BACA JUGA:Â Pasien Covid-19 di Pakistan Sembuh dengan Terapi Plasma, Dokter: Alhamdulillah
Dikutip dari penjelasan Direktur Rumah Fiqih Indonesia (RFI) Ustaz Ahmad Sarwat di laman Republika, Sabtu (30/1/2021), para ulama kontemporer sepakat bahwa mendonorkan darah dan organ tubuh adalah boleh. Kendati darah atau organ yang didonorkan itu adalah berasal dari non-Muslim ataupun nonmahram. Sebab, tak ada satu pun dalil baik dalam Alquran maupun hadis yang melarang hal itu.
“Tidak ada i’llat yang membuatnya jadi terlarang. Dalilnya adalah justru karena tidak ada dalil yang melarang, karena kan hukum itu pada dasarnya boleh baru akan berubah tidak boleh kalau ada dasar pelarangannya,” jelas Ustaz Ahmad Sarwat.
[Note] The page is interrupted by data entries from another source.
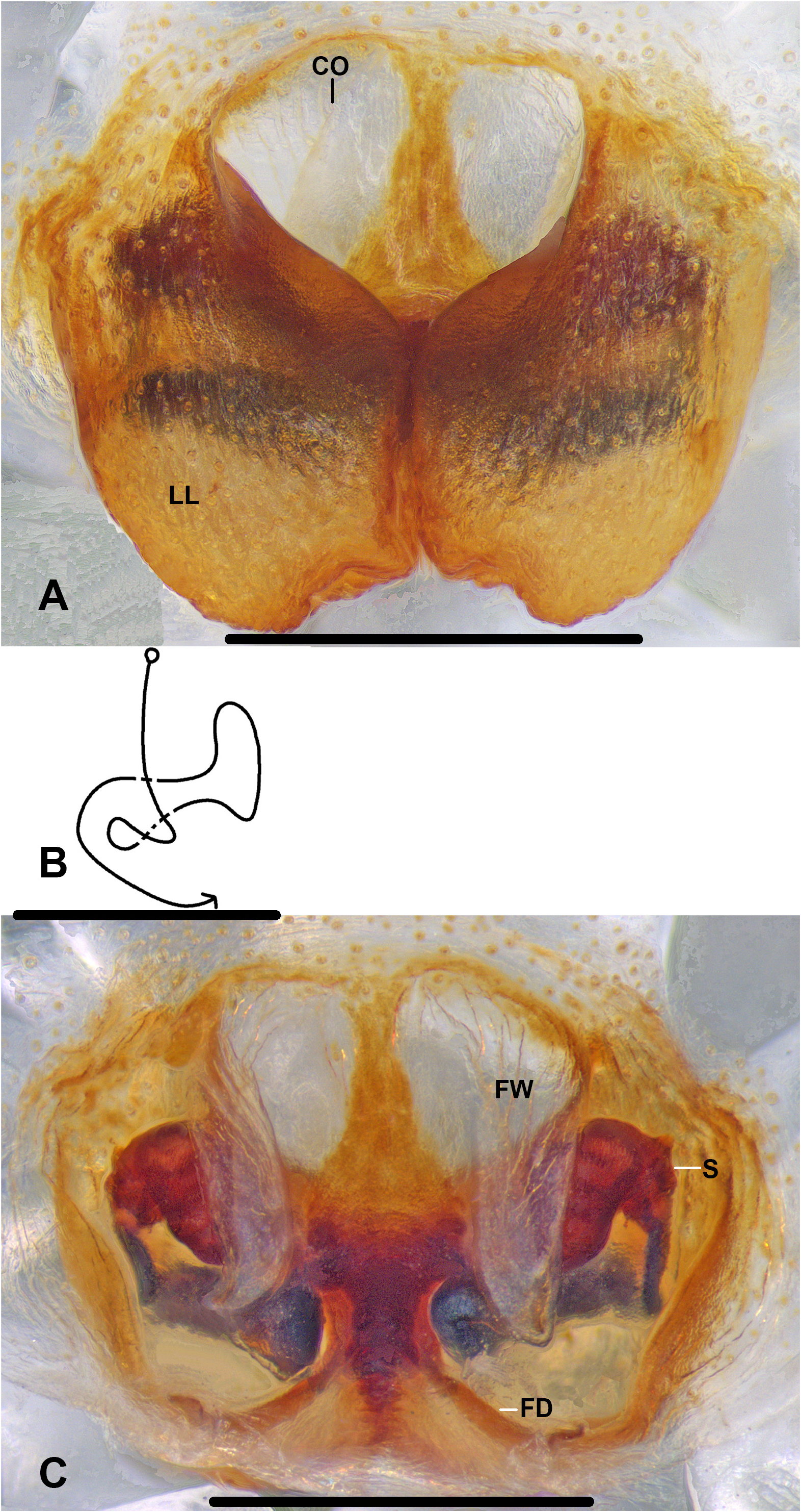 FIGURE 33. Pseudopoda bifaria Zhang, Jäger & Liu, spec. nov., holotype, female: A. Epigyne, ventral; B. Schematic course of IDS, dorsal; C. Vulva, dorsal. Scale bars: A–C: 0.5 mm.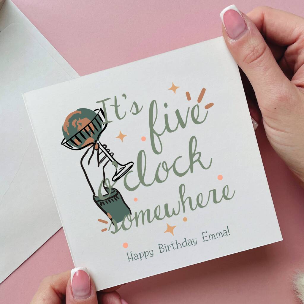 Personalised cocktail birthday card with name. Fun “It’s Five O’Clock Somewhere” design for friends, mums or anyone who loves a celebratory drink.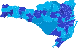 Os números a seguir têm por fonte os arquivos do Tribunal Superior Eleitoral e do Tribunal Regional Eleitoral de Santa Catarina. Houve 13.364 votos em branco e 7.152 votos nulos.[1]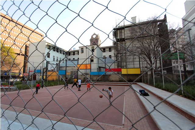 I thought about my choice yesterday afternoon when Joe and I visited Ernest Oppenheimer Park, a place that epitomizes what I love about Joburg. Like many other parks in the city centre, Oppenheimer Park used to be a nice little piece of green space, then became crime-ridden and filthy. Last year it was rehabilitated and re-opened, incorporating characteristic “New Jozi” style.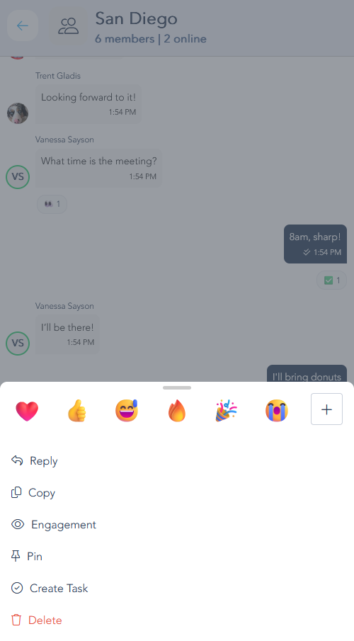 Creating a task from a message helps ensure you don’t forget important action items shared in chat—such as scheduling a revision, updating a timecard, or refilling the soap dispensers.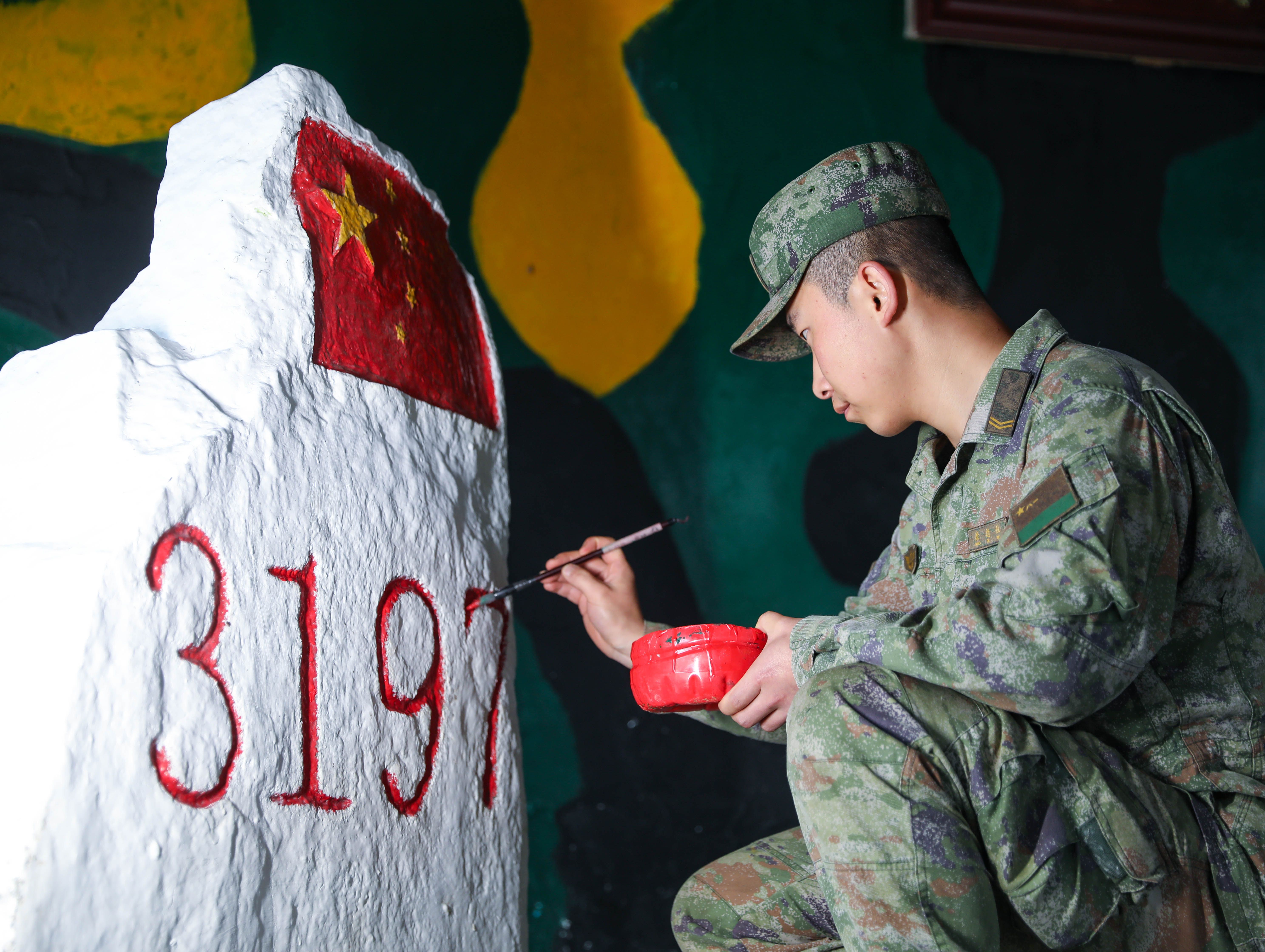 以哨為家,是官兵們心照不宣的默契。鄧東城為哨所周圍的樹木竹叢澆水施肥,筑起一道綠色屏障;康德位視每塊石頭為珍寶,精心在上面刻上強軍話語,用以自勉;李佰棋酷愛鮮花,工作之余總會采擷培育,給哨所增添一抹亮色;梁勝杰用鏡頭記錄下這里的每一個歡笑瞬間和堅守時刻。他們用雙手,將這云端孤哨打造成了一個溫馨而堅韌的家園。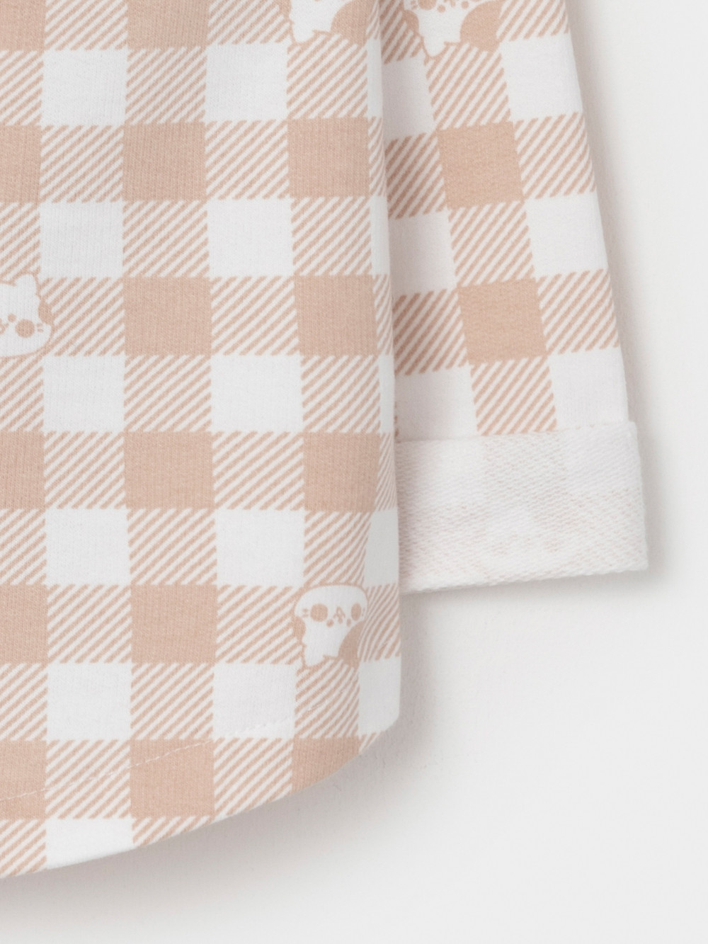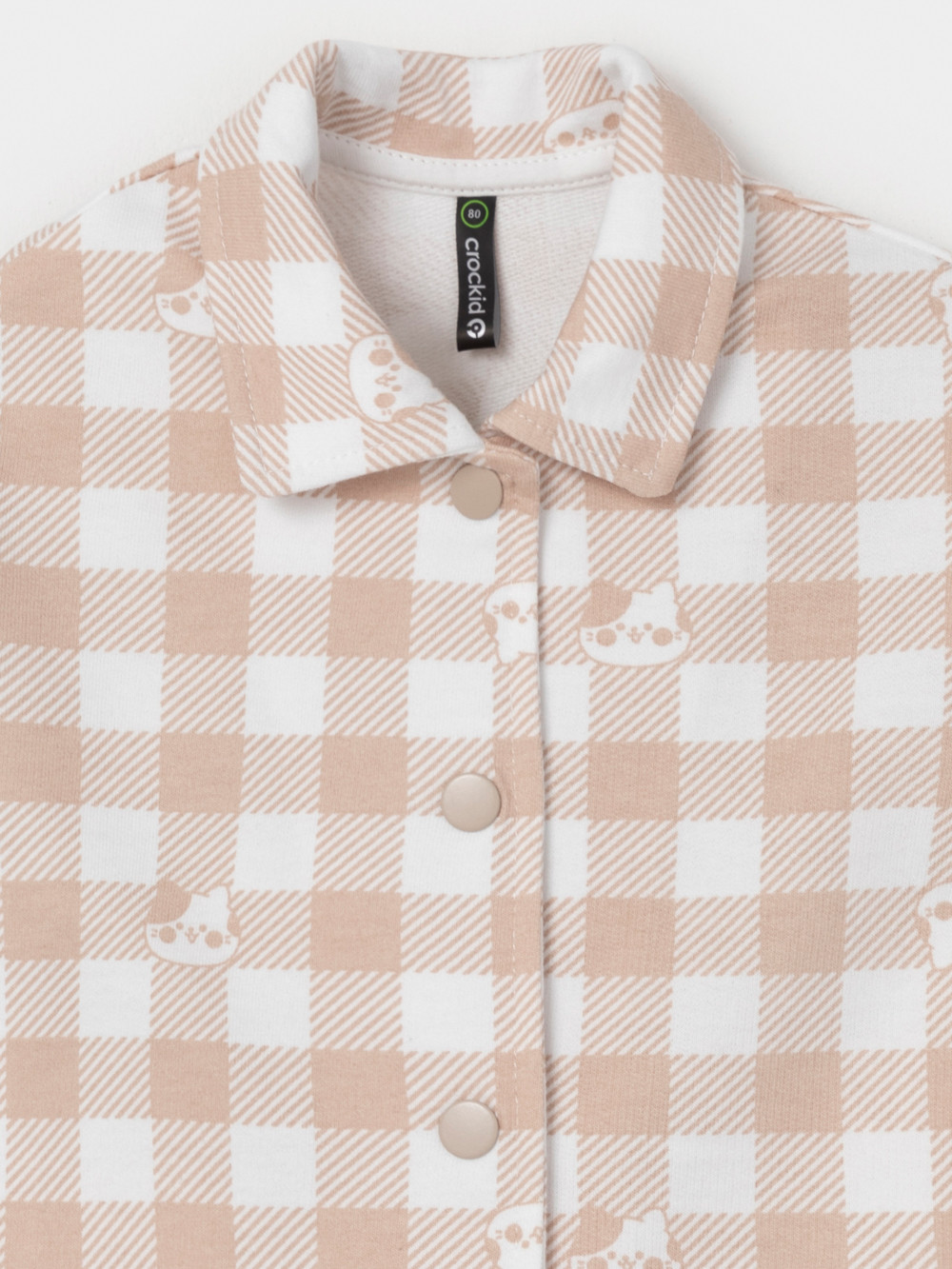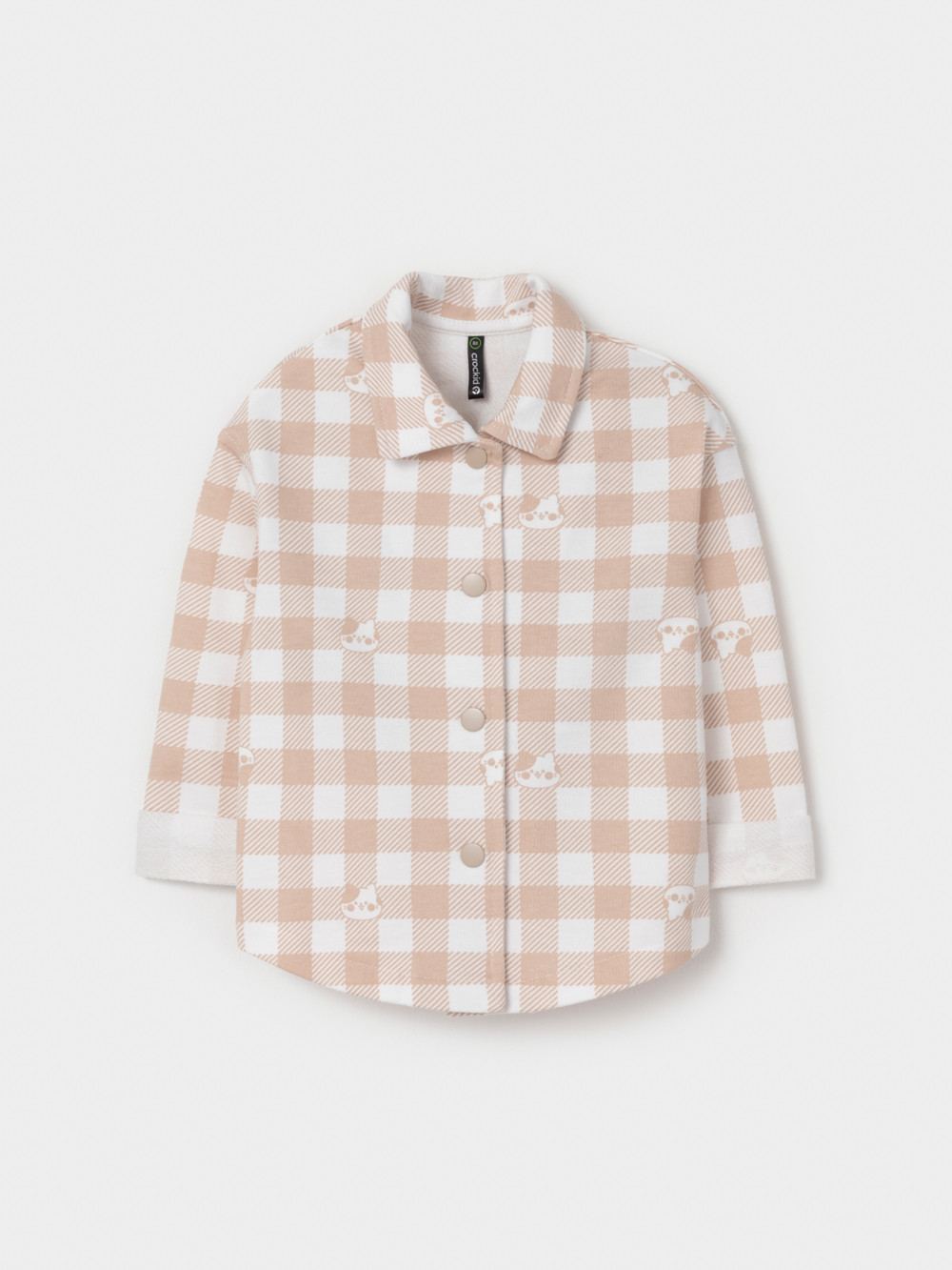 Рубашка с длинными спущенными рукавами для девочки. Изготовлена из мягкого петельчатого трикотажа, который произведён из 100% натурального хлопка высокого качества. Изделие отлично дышит, а свободный крой не стесняет движения, поэтому рубашка комфортна для активных игр и отдыха. Застёгивается на кнопки. Оригинальный набивной рисунок выполнен из стойких текстильных красителей. Изделие сохраняет цвет и форму после многократных стирок. Все трикотажные полотна производятся в соответствии с нормами швейцарского сертификата ЭкоТекс.

“Transfer (darah/plasma) atau cangkok (organ tubuh bagian dalam) atau donor dan sebagainya tidak pernah ada dalil dari Nabi dari hadis ataupun juga dari Quran yang mengatakan itu tidak boleh. Sehingga selama tidak ada dalil yang melarangnya maka hukumnya pada dasarnya sah-sah saja,” lanjutnya.
Dia juga menjelaskan, tubuh orang non-Muslim tidak najis. Kendati ada keterangan berkaitan dengan hal itu, pemaknaannya bukan hakiki melainkan majazi. Karena itu, kendati yang mendonor plasma konvalesen adalah non-sMuslim dan penerimanya adalah Muslim tidak menjadi persoalan.
“Tubuh orang kafir itu tidak najis. Tubuh orang kafir itu suci, kalau pun ada ayat yang menyebutkan innamal musyrikuna najasun sesungguhnya orang musyrik itu najis, najis yang dimaksud di sini bukan nasjis secara fisik, bukan tubuhnya badannya, tetapi najis itu adalah keingkarannya dia, itu disebut dengan najis,” terang ustaz Ahmad Sarwat.
“Najasun di situ maknanya bukan hakiki tetapi makna secara majazi, pembangkangan dia terhadap Allah itulah yang najis. Tapi tubuhnya mau laki-laki, perempuan, mau kafir maupun Islam tubuhnya tidak najis,” sambungnya.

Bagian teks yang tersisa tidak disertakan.